Spouses cannot submit a traditional joint income tax return any more. However, there is a possibility to transfer one’s unused tax incentives into the spouse’s tax return.

The following may be transferred:

  • the unused part of the basic exemption of up to 2160 euros,

  • the unused part of the housing loan interests,

  • the unused part of the training expenses,

  • the unused part of the basic exemption for the children.

The basic exemption may be shared in the condition only if one spouse did not receive any income during the period of taxation or his/her income was less than 2160 euros. However, he/she may transfer the unused part of the basic exemption to his/her spouse if the total annual income of the spouses does not exceed 50,400 euros in a calendar year. The maximum transferable amount may be 2160 euros.

Upon transferring the amount exceeding the taxable income of the housing loan interests and training expenses into the spouse’s tax return, the same limits than for individual tax returns shall apply: the maximum amount per one tax return to be deducted is 1200 euros wherefrom the part of the housing loan interest may be with a maximum of 300 euros.

Example 1

The annual income of spouse A is 51,000 euros, the annual income of spouse B is 500 euros.
Whereas the total annual income of the spouses exceeds 50,400 euros, then spouse A cannot use the part of the basic exemption of the spouse that remains unused (2160 – 500 = 1660 euros).

Example 2

The annual income of spouse A is 30,000 euros, the annual income of spouse B is 1000 euros.
Whereas the total annual income of the spouses is 31,000 euros (less than 50,400 euros), then spouse A may use the basic exemption of spouse B which remained unused – 1160 euros (2160 – 1000 = 1160).

Example 3

The annual income of spouse A is 49,000 euros, the annual income of spouse B is 1000 euros.
The total annual income of the spouses is 50,000 euros (less than 50,400 euros). Although a part of the basic exemption of 1160 euros remains unused by spouse B (2160 – 1000 = 1160), then spouse A may use from this only 400 euros or the part that falls short of the limit of 50,400 euros (49,000 + 1000 = 50,000).

Example 4

The annual income of spouse A is 47,000 euros, the annual income of spouse B is 1420 euros.
The total annual income of the spouses is 48,420 euros. The part of the basic exemption that remains unused by spouse B is 740 euros (2160 – 1420 = 740) may be entirely used by spouse A.

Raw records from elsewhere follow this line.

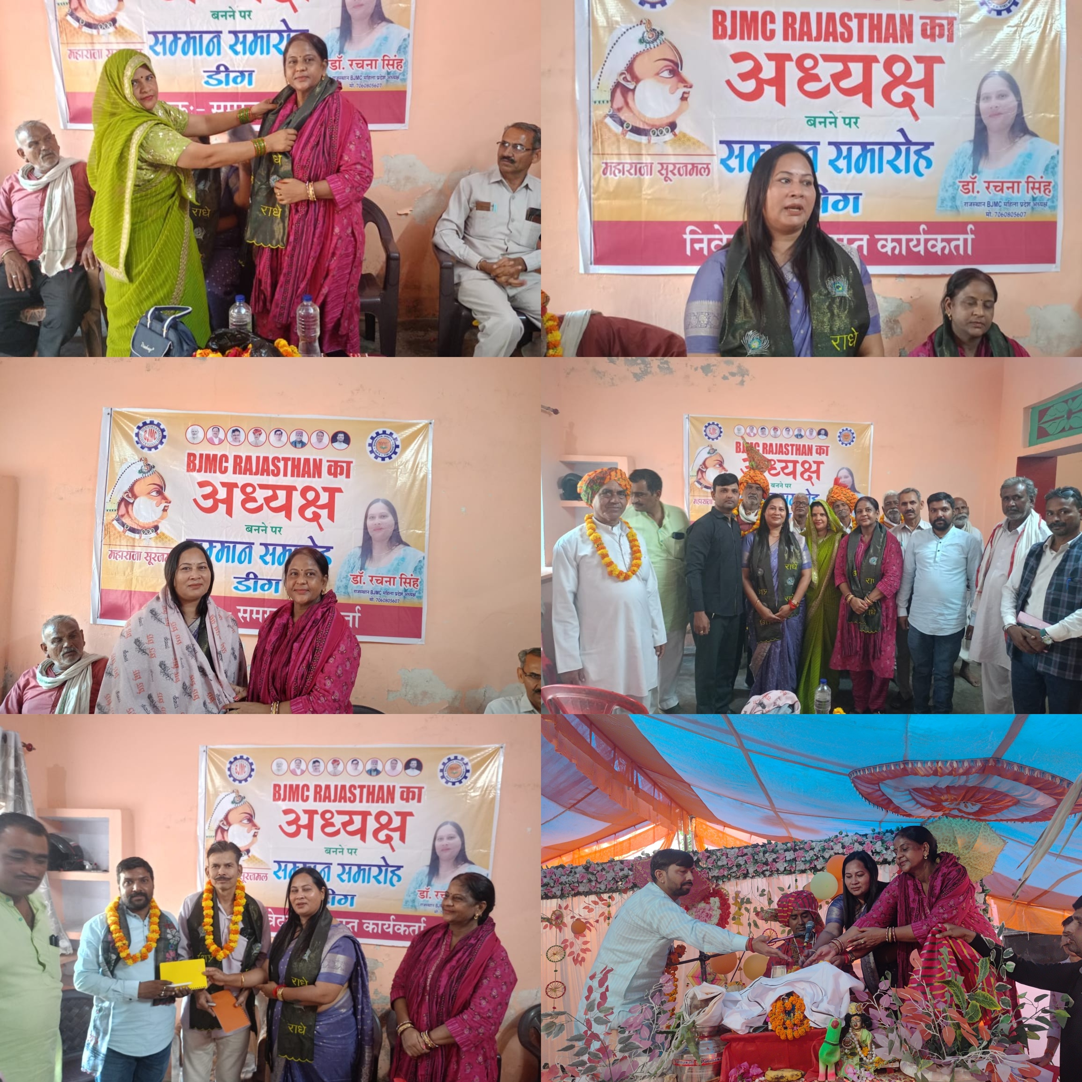डीग के कुम्हेर तहसील के डहरा गांव में बीजेएमसी अध्यक्ष रचना सिंह के पधारने पर सामाजिक कार्यकर्ता राजेश फौजदार और अनेक ग्रामीगवासियों ने स्वागत और सम्मान किया। इस अवसर पर मंच संचालन सामाजिक कार्यकर्ता राजेश फौजदार डहरा ने किया। एवं मंच का संबोधन रामनिवास एवं सत्यवीर सिंह जिलेदार एवं सविता फौजदार ने किया उनका धन्यवाद रामभरोसी लाल कटारा एवं मेघ श्याम फौजदार ने किया। रचना सिंह ने बताया कि मुझे मजदूर, किसान, गरीव वर्ग पर हो रहे अत्याचार को राकने के लिए बीजेएमसी अध्यक्ष बनाया है जहा कही भी मजदूर वर्ग पर अत्याचार हो रहा हो, किसी का पेमेंट नहीं हो रहा हो, जबरजस्ती काम कराया जा रहा हो, काम की जगह पर किसी मजदूर वर्ग को लगाया जा रहा हो और उसके स्थान पर डाक्यूमेंट्स किसी दूसरे के लगाकर फर्जीवाडा किया जा रहा हो उसे रोकने के लिए मैं हमेशा मजदूर वर्ग के साथ खडी रहूंगी। परंतु इसके लिए पहले आम जनता को, मजदूर वर्ग को सजग रहना होगा, जानकारी पूरी रखनी होगी, एकता बनाकर रखनी होगी, रचना सिंह ने बताया कि मैंने अनेक संगठनों में काम किया है अनेक लोगों को जागरुक किया है। इसके साथ ही राजेश फौजदार ने भरतपुर पत्रकार यशपाल सोलंकी और विवेक को एक डायरी, पेन, माला और पटका पहनाकर स्वागत किया। इस अवसर पर गोपाल राम गोलपुरा, मानसिंह, थान सिंह, हीरा सिंह, दलबीर सिंह, योगेंद्र सिंह और पत्रकार विवेक सिंह आदि मौजूद रहे
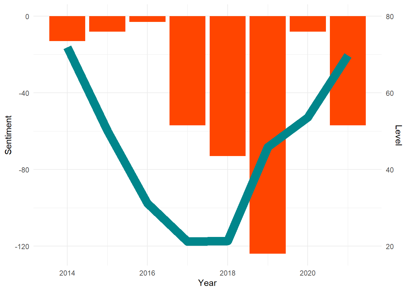 geom_col(aes(year, sentiment), fill = "orangered")+
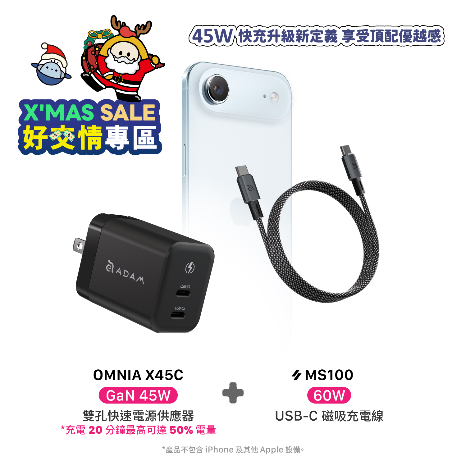 OMNIA X45C GaN氮化鎵45W 雙孔迷你快速電源供應器
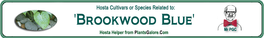 | 'Sea Blue Monster' | Hybrid | 'Brookwood Blue' | Unknown | Seaver, Mildred | (GENETIC BACKGROUND) 'Brookwood Blue', 'Sieboldiana' ++(SIBLING.by.HYBRID) 'Sea Monster' ++(SIMILAR.HOSTAS) 'Helen Doriot' |
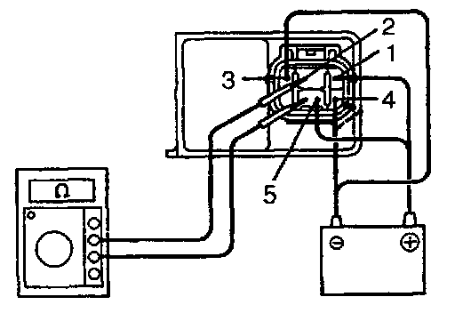 c. Connect the negative (-) lead from the battery to terminal 4, check that there is continuity between terminals 2 and 5 for 0.4 - 0.6 seconds, then there is no continuity.
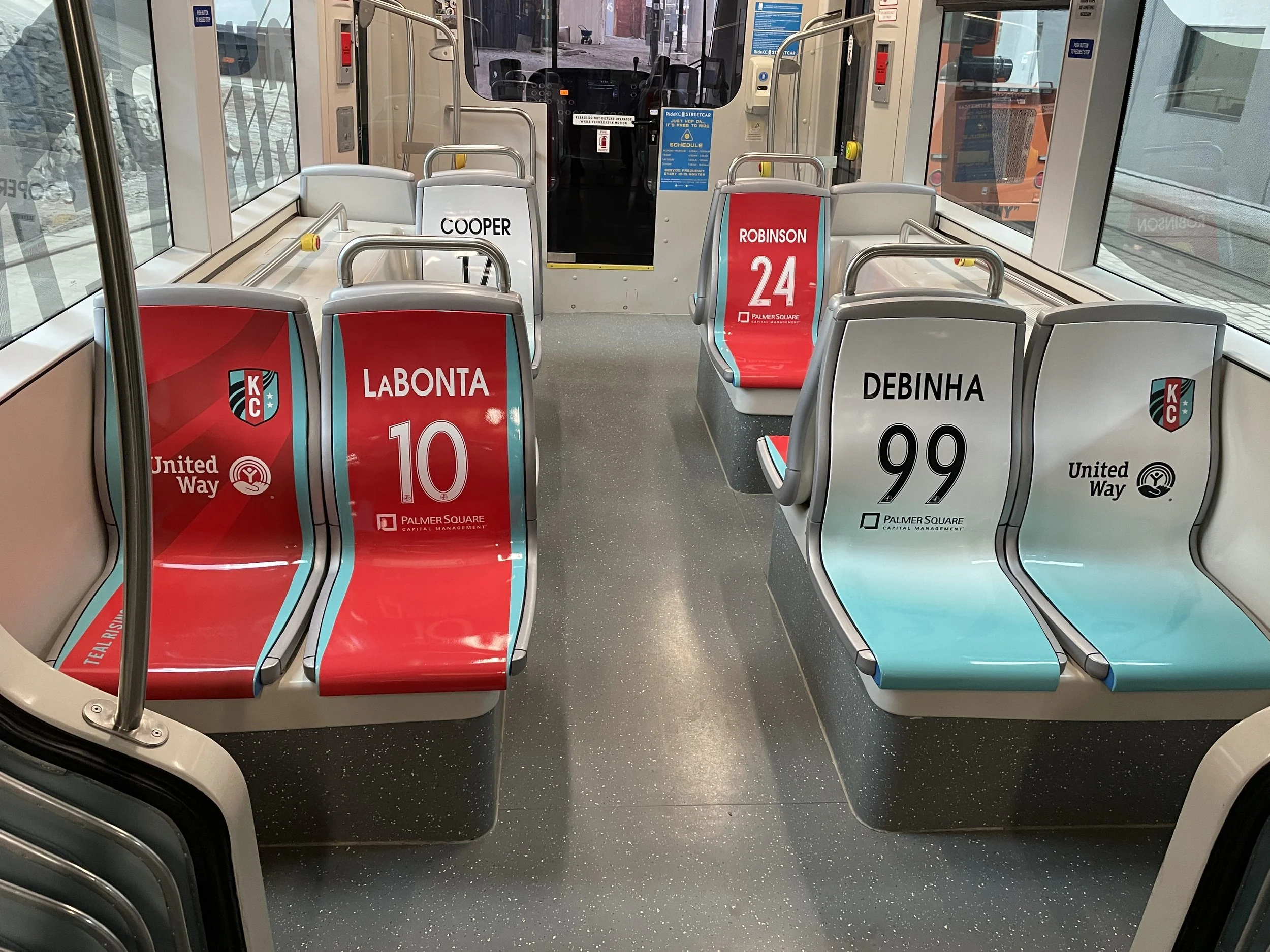 A unique feature of the streetcar could be found on the inside. Each seat was wrapped with a flattened design of the home and away uniforms, with player names and numbers.

Transfer of tax incentives in an electronic tax return

  • We recommend to submit first a tax return of the spouse whose annual income is less or who has more incentives to be deducted.

  • The system offers the transfer of the unused basic exemption, increased basic exemption for the children, housing loan interest and training expenses into the spouse’s tax return automatically. Nothing shall be indicated in a tax return by hand.

  • If a person has no unused tax incentives, then the system does not offer any transfer possibility either.